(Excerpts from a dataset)
####

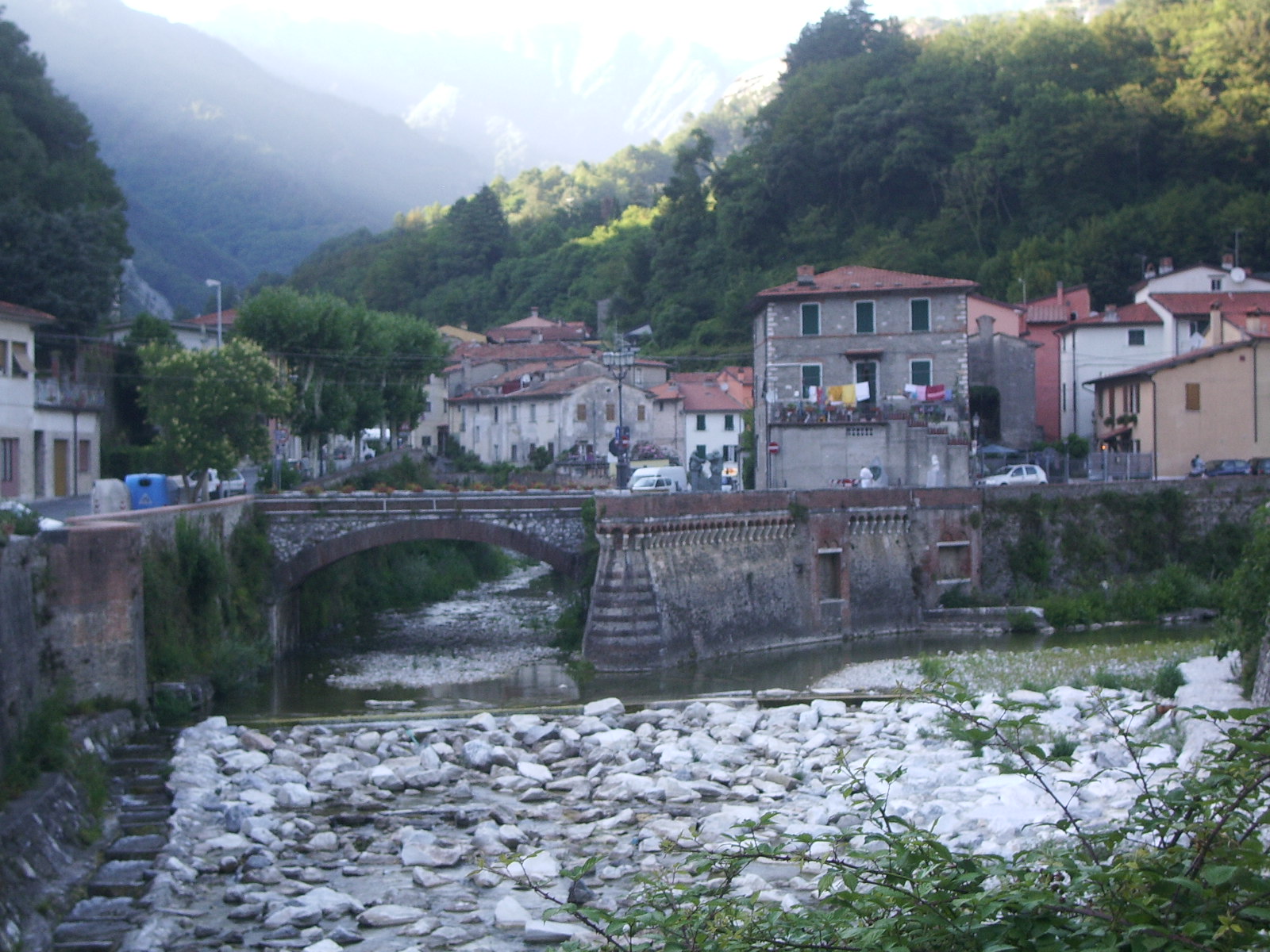 Description The place in Seravezza where the versilia river is formed by the union of Serra and vezza rivers
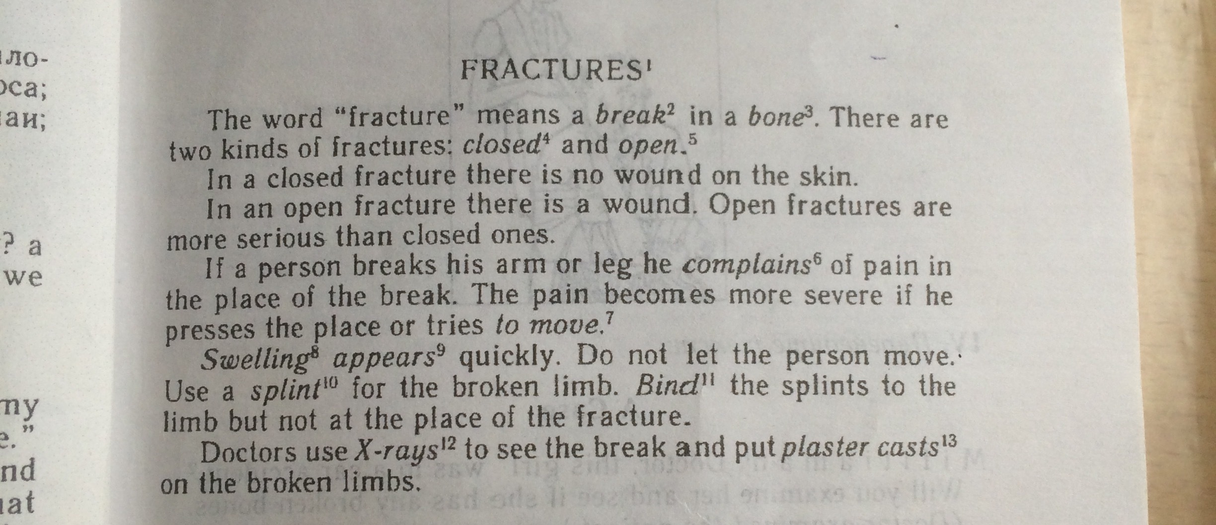 Слово "перелом" означает прелом кости. Бывает два вида перелома: закрытый и открытый.
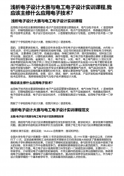 浅析电子设计大赛与电工电子设计实训课程,我应该主修什么应用电子技术?
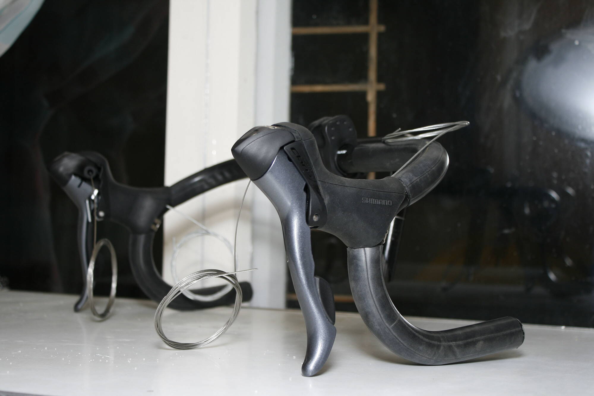 А пока то да сьо, приехали дуалы. Шимано Кларис 2х8 ск, на руль одел камеру. Предварительно установил пистолеты. Но пока не прокачусь - обмотку мотать не буду.
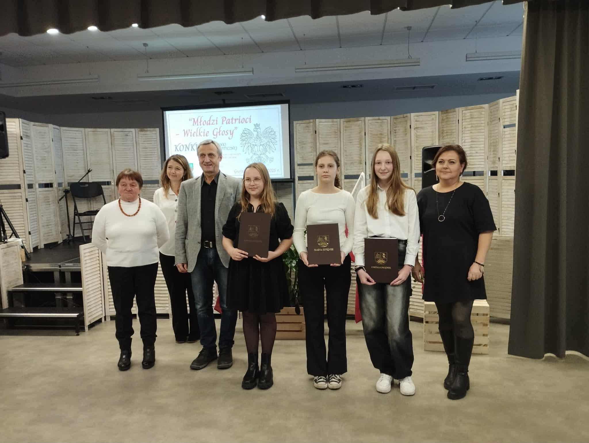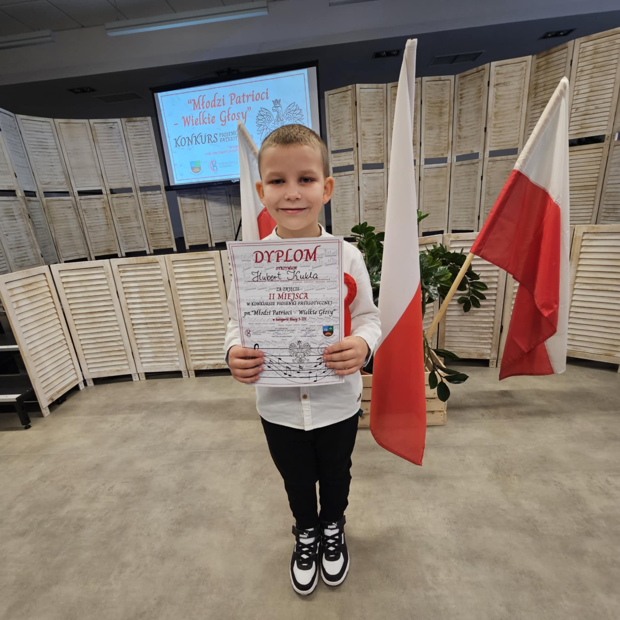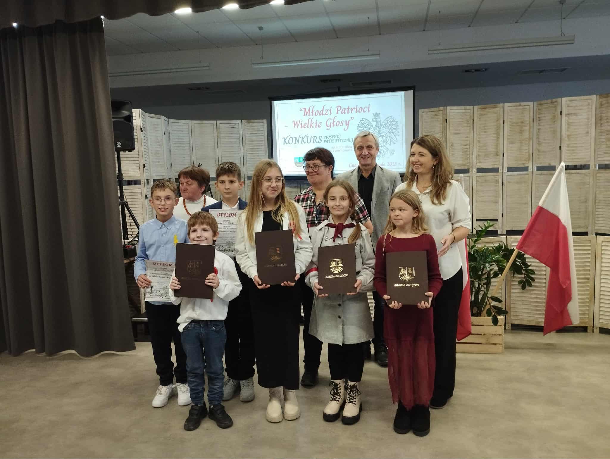 Dnia 4 listopada uczniowie naszej szkoły wzięli udział w gminnym Konkursie Piosenki Patriotycznej „Młodzi patrioci – wielkie głosy” zorganizowanym przez Centrum Kultury w Gnojniku. Celem wydarzenia było kształtowanie postawy patriotycznej oraz rozwijanie talentów artystycznych. Wykonawcy byli oceniani w trzech kategoriach wiekowych. Nasi uczniowie bardzo dobrze zaprezentowali swoje umiejętności wokalne i znaleźli się wśród laureatów konkursu.

####

- _What you have to do_
Exactly as they stand, retype all the entries, but omit the pictures.

- _Solved problem_
 Description The place in Seravezza where the versilia river is formed by the union of Serra and vezza rivers
 Слово "перелом" означает прелом кости. Бывает два вида перелома: закрытый и открытый.
 浅析电子设计大赛与电工电子设计实训课程,我应该主修什么应用电子技术?
 А пока то да сьо, приехали дуалы. Шимано Кларис 2х8 ск, на руль одел камеру. Предварительно установил пистолеты. Но пока не прокачусь - обмотку мотать не буду.
 Dnia 4 listopada uczniowie naszej szkoły wzięli udział w gminnym Konkursie Piosenki Patriotycznej „Młodzi patrioci – wielkie głosy” zorganizowanym przez Centrum Kultury w Gnojniku. Celem wydarzenia było kształtowanie postawy patriotycznej oraz rozwijanie talentów artystycznych. Wykonawcy byli oceniani w trzech kategoriach wiekowych. Nasi uczniowie bardzo dobrze zaprezentowali swoje umiejętności wokalne i znaleźli się wśród laureatów konkursu.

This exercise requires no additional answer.